Exercise instructions: For this exercise, write out each entry below exactly as it reads.

..............................

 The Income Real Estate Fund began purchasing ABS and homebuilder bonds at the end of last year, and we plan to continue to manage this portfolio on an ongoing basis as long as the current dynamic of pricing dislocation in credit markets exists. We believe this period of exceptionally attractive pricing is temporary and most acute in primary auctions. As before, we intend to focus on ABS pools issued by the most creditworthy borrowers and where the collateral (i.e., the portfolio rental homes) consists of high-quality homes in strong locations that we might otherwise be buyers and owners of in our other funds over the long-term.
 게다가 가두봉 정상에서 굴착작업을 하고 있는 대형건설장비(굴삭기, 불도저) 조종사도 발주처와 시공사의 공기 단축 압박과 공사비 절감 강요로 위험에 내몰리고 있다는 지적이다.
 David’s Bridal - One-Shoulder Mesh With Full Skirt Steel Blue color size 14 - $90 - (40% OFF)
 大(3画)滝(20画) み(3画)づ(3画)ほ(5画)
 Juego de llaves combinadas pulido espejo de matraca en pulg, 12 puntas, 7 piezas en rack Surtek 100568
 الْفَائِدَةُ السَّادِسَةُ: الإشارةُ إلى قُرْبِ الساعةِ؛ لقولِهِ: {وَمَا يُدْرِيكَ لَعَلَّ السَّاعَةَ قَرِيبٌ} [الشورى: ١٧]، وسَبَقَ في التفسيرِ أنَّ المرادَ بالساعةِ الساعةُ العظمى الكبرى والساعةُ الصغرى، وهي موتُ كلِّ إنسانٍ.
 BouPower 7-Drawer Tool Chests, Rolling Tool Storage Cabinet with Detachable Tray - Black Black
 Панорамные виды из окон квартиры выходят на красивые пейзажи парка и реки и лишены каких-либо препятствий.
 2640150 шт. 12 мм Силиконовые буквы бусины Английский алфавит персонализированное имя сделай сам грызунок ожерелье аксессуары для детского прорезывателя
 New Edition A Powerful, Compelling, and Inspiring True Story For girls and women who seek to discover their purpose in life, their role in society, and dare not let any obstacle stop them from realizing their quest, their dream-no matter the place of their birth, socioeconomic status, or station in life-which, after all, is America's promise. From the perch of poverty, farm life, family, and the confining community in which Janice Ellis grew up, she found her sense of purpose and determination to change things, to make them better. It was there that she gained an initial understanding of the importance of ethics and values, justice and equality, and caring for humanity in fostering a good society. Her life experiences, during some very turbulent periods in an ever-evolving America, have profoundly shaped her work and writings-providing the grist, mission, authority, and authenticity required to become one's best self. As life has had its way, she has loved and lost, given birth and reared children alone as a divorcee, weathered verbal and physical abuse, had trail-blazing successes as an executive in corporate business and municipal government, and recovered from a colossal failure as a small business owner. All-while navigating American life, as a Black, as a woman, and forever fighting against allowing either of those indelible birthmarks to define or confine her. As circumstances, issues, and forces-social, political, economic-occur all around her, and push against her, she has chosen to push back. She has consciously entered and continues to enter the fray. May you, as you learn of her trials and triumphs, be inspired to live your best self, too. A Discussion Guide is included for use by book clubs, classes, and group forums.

..............................

Answer to this task:
 The Income Real Estate Fund began purchasing ABS and homebuilder bonds at the end of last year, and we plan to continue to manage this portfolio on an ongoing basis as long as the current dynamic of pricing dislocation in credit markets exists. We believe this period of exceptionally attractive pricing is temporary and most acute in primary auctions. As before, we intend to focus on ABS pools issued by the most creditworthy borrowers and where the collateral (i.e., the portfolio rental homes) consists of high-quality homes in strong locations that we might otherwise be buyers and owners of in our other funds over the long-term.
 게다가 가두봉 정상에서 굴착작업을 하고 있는 대형건설장비(굴삭기, 불도저) 조종사도 발주처와 시공사의 공기 단축 압박과 공사비 절감 강요로 위험에 내몰리고 있다는 지적이다.
 David’s Bridal - One-Shoulder Mesh With Full Skirt Steel Blue color size 14 - $90 - (40% OFF)
 大(3画)滝(20画) み(3画)づ(3画)ほ(5画)
 Juego de llaves combinadas pulido espejo de matraca en pulg, 12 puntas, 7 piezas en rack Surtek 100568
 الْفَائِدَةُ السَّادِسَةُ: الإشارةُ إلى قُرْبِ الساعةِ؛ لقولِهِ: {وَمَا يُدْرِيكَ لَعَلَّ السَّاعَةَ قَرِيبٌ} [الشورى: ١٧]، وسَبَقَ في التفسيرِ أنَّ المرادَ بالساعةِ الساعةُ العظمى الكبرى والساعةُ الصغرى، وهي موتُ كلِّ إنسانٍ.
 BouPower 7-Drawer Tool Chests, Rolling Tool Storage Cabinet with Detachable Tray - Black Black
 Панорамные виды из окон квартиры выходят на красивые пейзажи парка и реки и лишены каких-либо препятствий.
 2640150 шт. 12 мм Силиконовые буквы бусины Английский алфавит персонализированное имя сделай сам грызунок ожерелье аксессуары для детского прорезывателя
 New Edition A Powerful, Compelling, and Inspiring True Story For girls and women who seek to discover their purpose in life, their role in society, and dare not let any obstacle stop them from realizing their quest, their dream-no matter the place of their birth, socioeconomic status, or station in life-which, after all, is America's promise. From the perch of poverty, farm life, family, and the confining community in which Janice Ellis grew up, she found her sense of purpose and determination to change things, to make them better. It was there that she gained an initial understanding of the importance of ethics and values, justice and equality, and caring for humanity in fostering a good society. Her life experiences, during some very turbulent periods in an ever-evolving America, have profoundly shaped her work and writings-providing the grist, mission, authority, and authenticity required to become one's best self. As life has had its way, she has loved and lost, given birth and reared children alone as a divorcee, weathered verbal and physical abuse, had trail-blazing successes as an executive in corporate business and municipal government, and recovered from a colossal failure as a small business owner. All-while navigating American life, as a Black, as a woman, and forever fighting against allowing either of those indelible birthmarks to define or confine her. As circumstances, issues, and forces-social, political, economic-occur all around her, and push against her, she has chosen to push back. She has consciously entered and continues to enter the fray. May you, as you learn of her trials and triumphs, be inspired to live your best self, too. A Discussion Guide is included for use by book clubs, classes, and group forums.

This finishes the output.